Recorded data:
=== Section Start ===

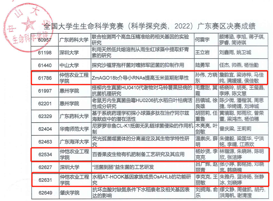 其中,由黄杰豪等主持的《水稻抽穗期基因DHD2的鉴定及功能研究》(指导老师:唐辉武、王丽敏)获得全国老员工生命科学竞赛广东赛区一等奖,并入围全国决赛;由詹韵宜等主持的《ZmAGO18b介导小RNAs提高玉米苗期耐旱性》(指导老师:孙伟、方晓东)、林锴源等主持的《百香果皮生物有机肥制备工艺研究及其应用》(指导老师:杨妙贤、李克克)、朱雅丹等主持的《水稻AT-HOOK基因家族成员OsAHLb的功能研究》(指导老师:李克克、王丽敏)、李杰辉等主持的《LncRNA调控褐飞虱繁殖力的分子机制探究》(指导老师:刘凯、李春梅)、陈丽丽等主持的《南板蓝内生及根际放线菌的多样性及抑菌活性研究》(指导老师:孙辉)分别获全国老员工生命科学竞赛广东赛区三等奖。
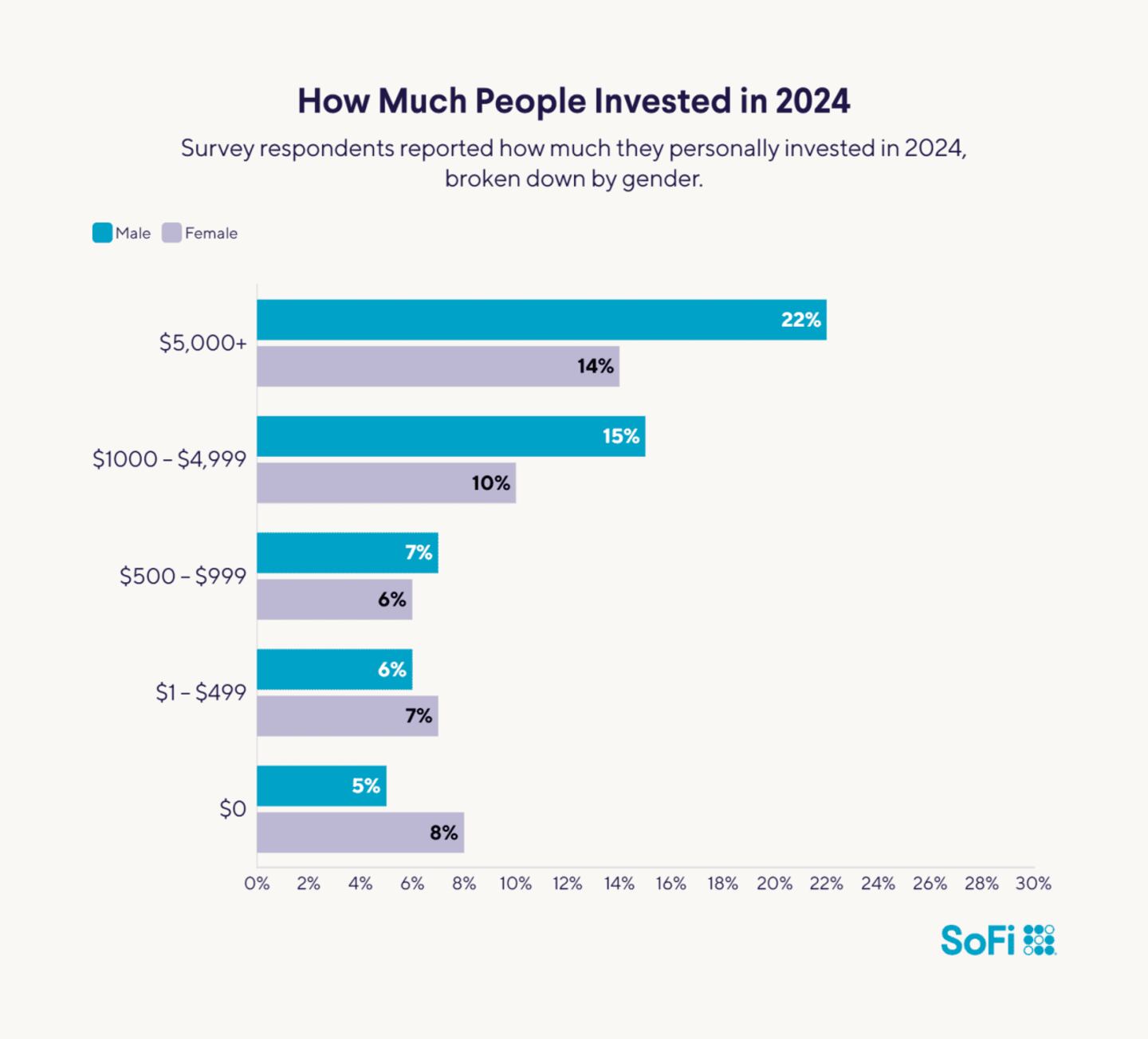Nearly nine out of 10 respondents invested money into their portfolios over the past year. Men were more likely than women to invest — and invest more money when they did.
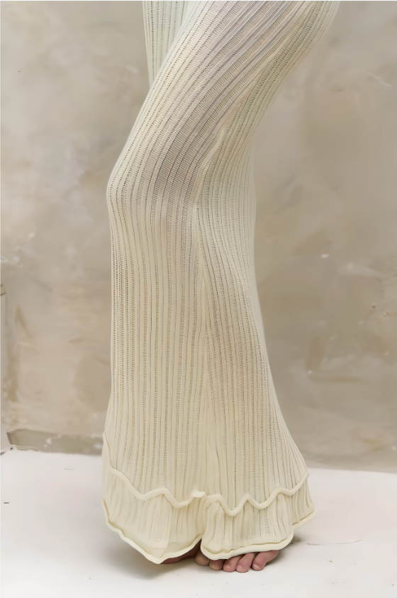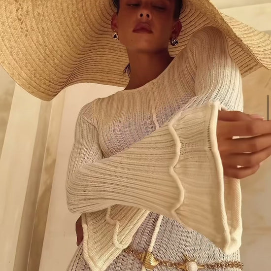 En un suave amarillo pastel, este vestido evoca la frescura de los cítricos y la luz del sol en la mañana. Destaca por sus mangas acampanadas y el bajo del vestido, ambos con un sutil borde ondulado que añade un toque romántico y artesanal. Su tejido de punto acanalado le da una textura rica y una caída fluida que se adapta a tu movimiento.
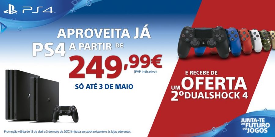 Durante esta nova promoção, que é válida 13 de abril a 3 de maio, a PlayStation 4 500GB pode ser adquirida por a 249,99 €*, a versão de 1TB por 264,99 €* e a PlayStation 4 Pro estará disponível nas lojas por 399,99 €. A PlayStation também revelou que todas estas oportunidades incluem a oferta de um comando DUALSHOCK 4.
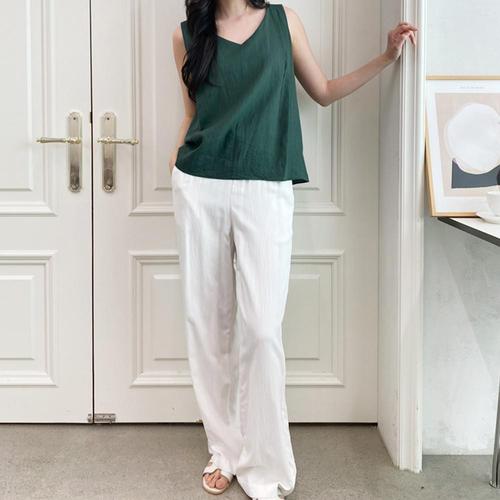 [샵앤]국산 여성 린넨 V넥 무지 베이직 민소매 나시티 SML-WSH-4588-화이트
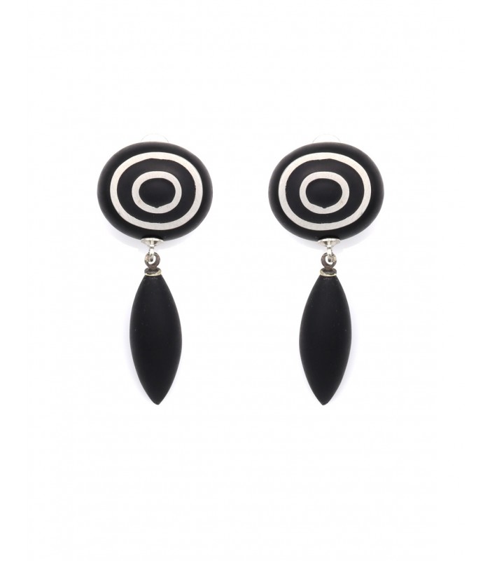 Hoe geef je jouw look kracht met een opvallend detail? Deze oorclips met zwart, wit cirkelmotief en matte hanger zijn een echte blikvanger. De grafische lijnen zorgen voor contrast en ritme, terwijl de druppelvormige onderzijde het ontwerp elegant afrondt. Oorclips met moderne stijl Dankzij de zachte rubbertjes draag je ze de hele dag comfortabel, ook zonder gaatjes. De combinatie van geometrie en strakke vormen maakt deze oorclips ideaal voor wie houdt van een uitgesproken, stijlvolle look.
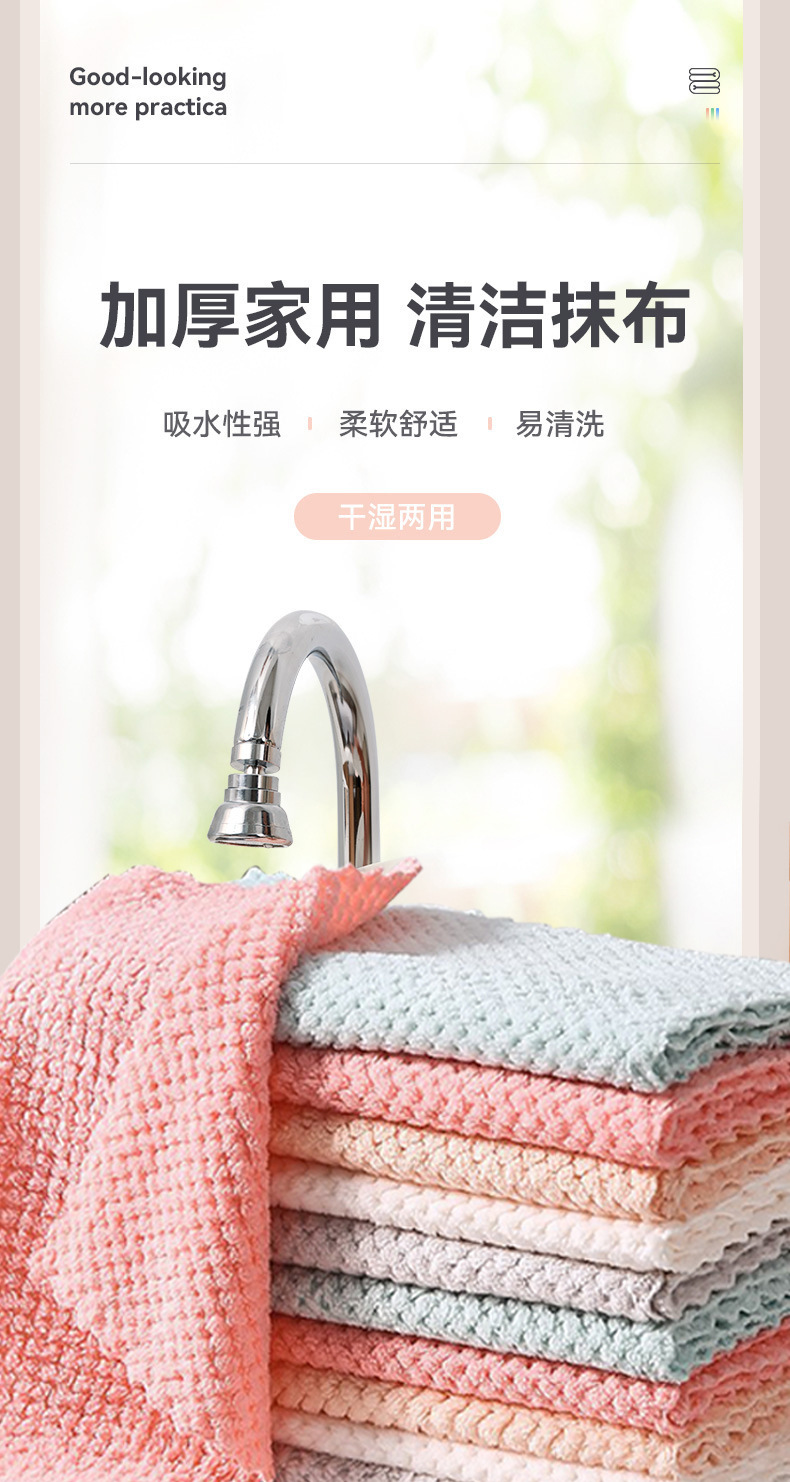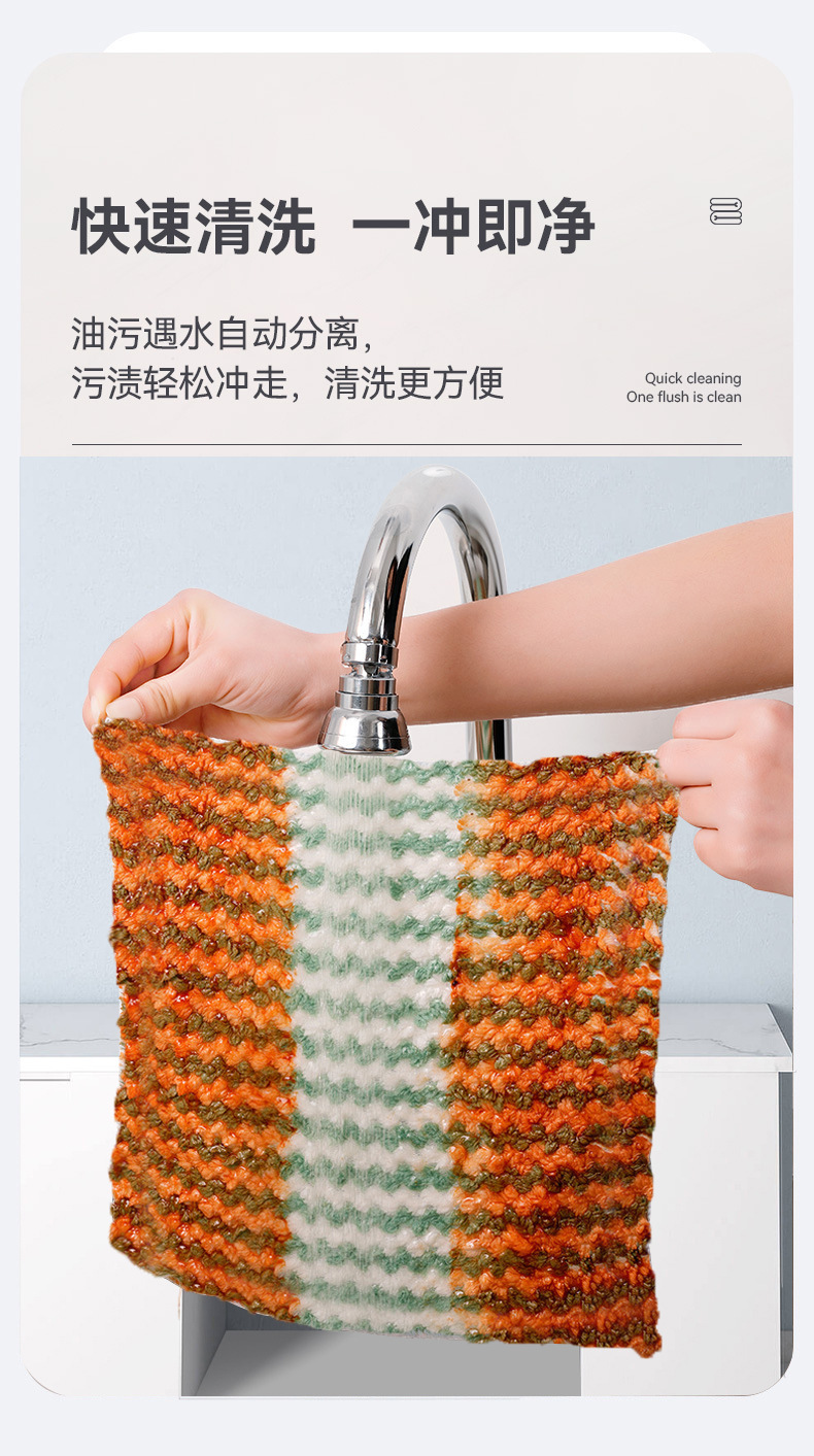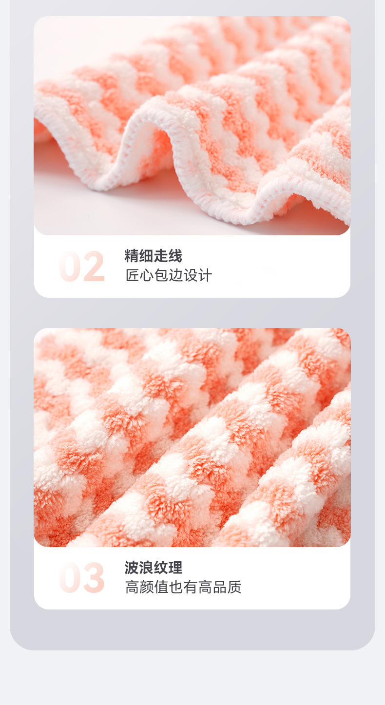 [extra thick coral velvet rag] 5 pack dish towel striped cationic dishcloth kitchen plus-sized scouring pad

=== Section End ===

Goal of the exercise: In the entries above, find the line with "Durante esta nova" and the line with "[샵앤]국산 여성 린넨". Write out exactly those two lines and every line between them, pictures excluded.

Result of the exercise:
 Durante esta nova promoção, que é válida 13 de abril a 3 de maio, a PlayStation 4 500GB pode ser adquirida por a 249,99 €*, a versão de 1TB por 264,99 €* e a PlayStation 4 Pro estará disponível nas lojas por 399,99 €. A PlayStation também revelou que todas estas oportunidades incluem a oferta de um comando DUALSHOCK 4.
 [샵앤]국산 여성 린넨 V넥 무지 베이직 민소매 나시티 SML-WSH-4588-화이트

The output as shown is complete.